WORK INSTRUCTION -> Omit any pictures, and restate word for word only the lines from the one with "En villaträdgård skapad" through the end of the data below.

DATA SUPPLIED ->
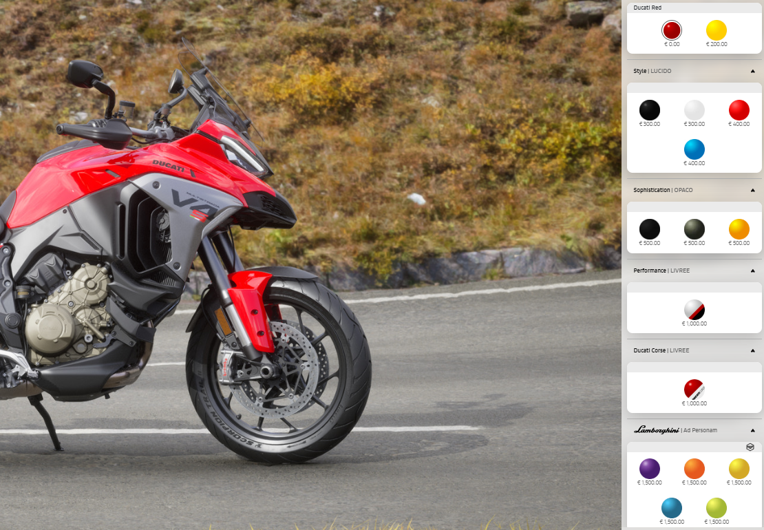 Впервые в своей истории болонский производитель предлагает своим клиентам кастомизировать или, попросту говоря, собрать свой мотоцикл непосредственно в конфигураторе, а не заниматься прикручиваем допов у дилера.
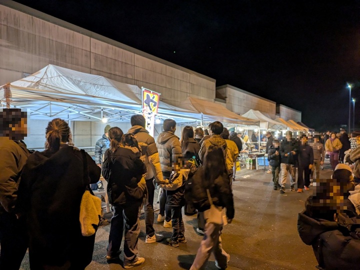 鹿野川ダムの天端道路にはおでんやうどんなどの屋台が並び、特に焼き芋は長い行列ができるほどの人気で、
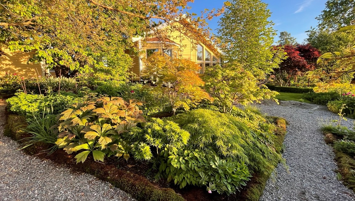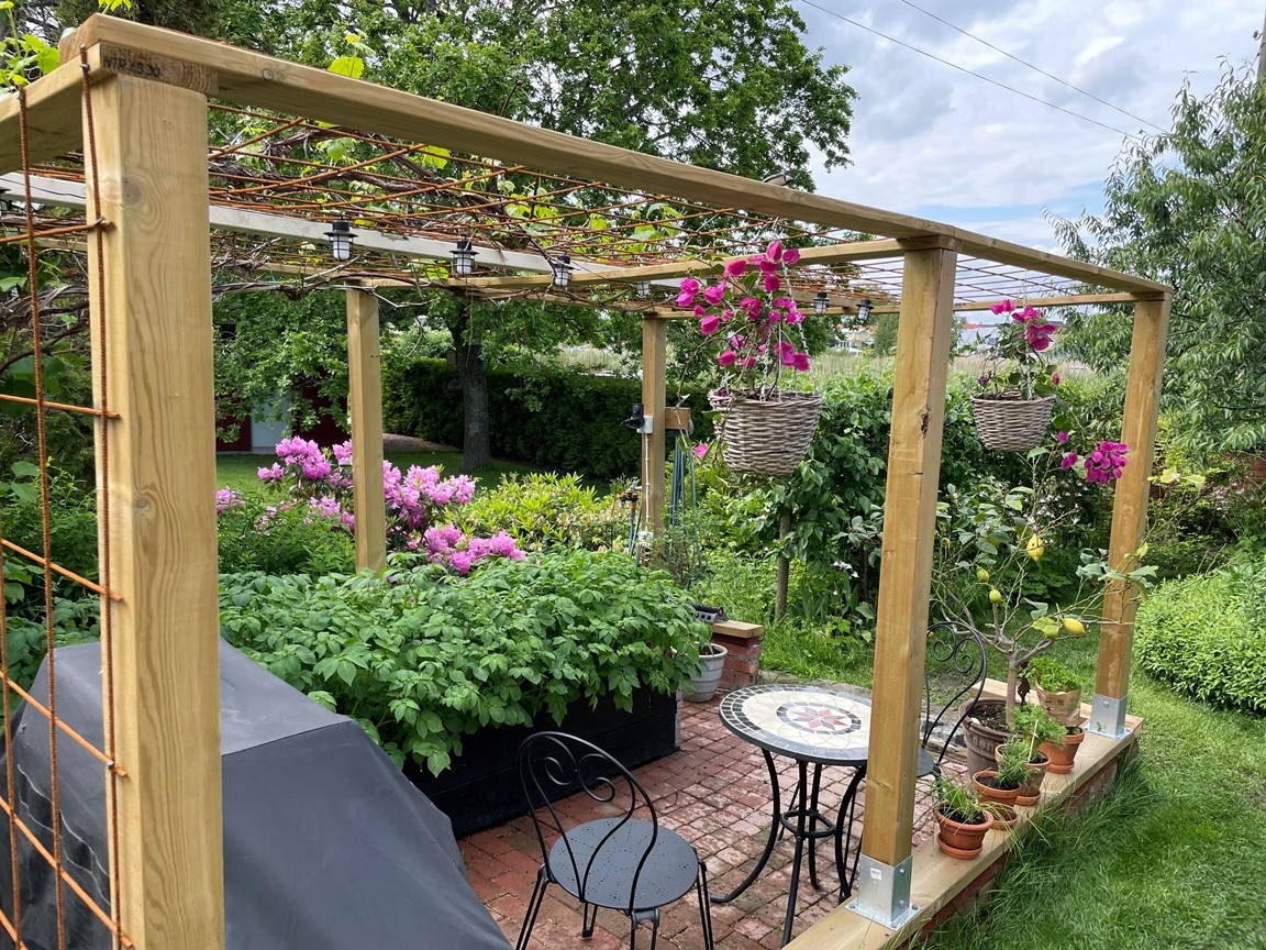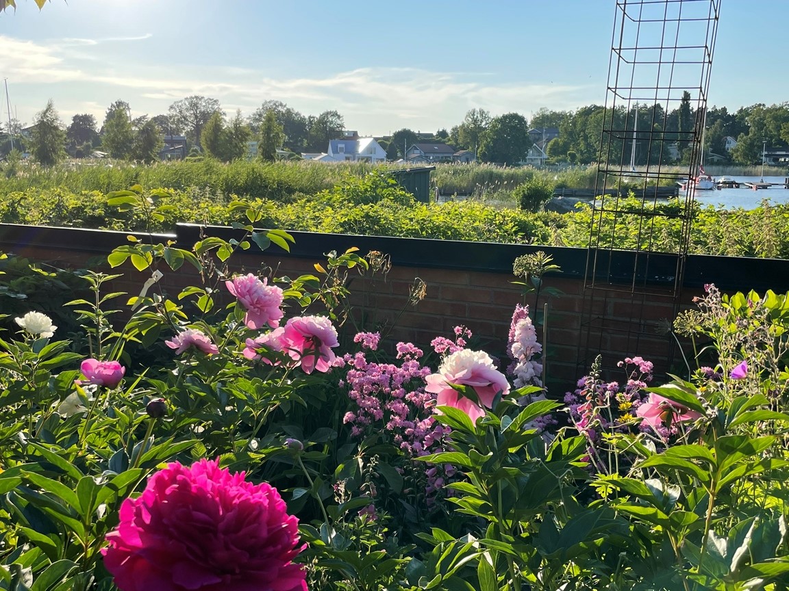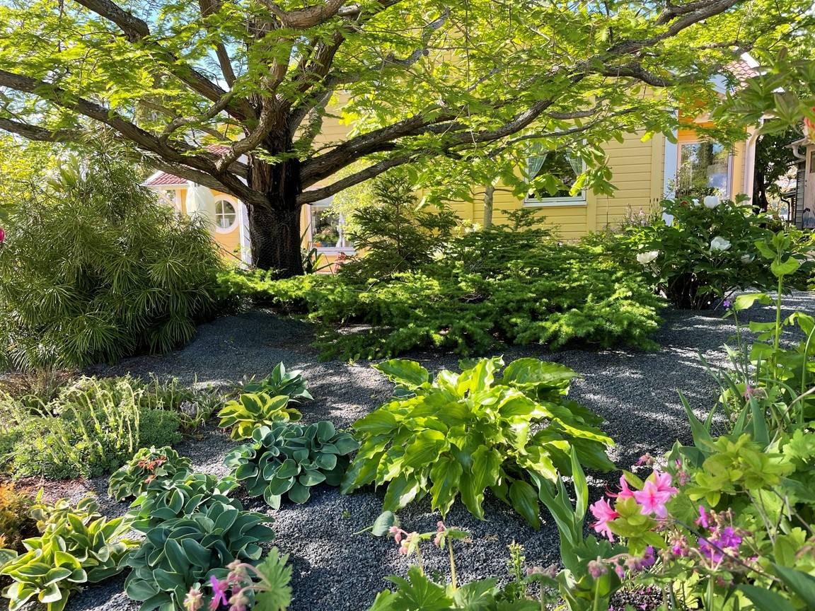 En villaträdgård skapad med inspiration från världens ”alla” hörn. Vår trädgård ska vara en plats som bjuder in till nyfikenhet, överraskning och njutning. Här ska man kunna träffas och koppla av tillsammans och gärna uppmuntras av goda bär och frukter.
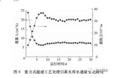 低壓重力驅(qū)動式超濾工藝作為一種新的超濾工藝運行方式,利用表面濾餅層中生物作用可以用以簡化超濾運行設(shè)備,降低物理和化學清洗產(chǎn)生的費用。另一方面,重力驅(qū)動式超濾工藝長期穩(wěn)定的運行說明針對引黃水庫水這一北方特殊水質(zhì),低壓重力驅(qū)動式超濾工藝具有很好的處理效果。
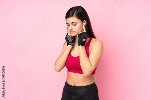 Young sport woman over isolated pink background listening music

REPLY ->
 En villaträdgård skapad med inspiration från världens ”alla” hörn. Vår trädgård ska vara en plats som bjuder in till nyfikenhet, överraskning och njutning. Här ska man kunna träffas och koppla av tillsammans och gärna uppmuntras av goda bär och frukter.
 低壓重力驅(qū)動式超濾工藝作為一種新的超濾工藝運行方式,利用表面濾餅層中生物作用可以用以簡化超濾運行設(shè)備,降低物理和化學清洗產(chǎn)生的費用。另一方面,重力驅(qū)動式超濾工藝長期穩(wěn)定的運行說明針對引黃水庫水這一北方特殊水質(zhì),低壓重力驅(qū)動式超濾工藝具有很好的處理效果。
 Young sport woman over isolated pink background listening music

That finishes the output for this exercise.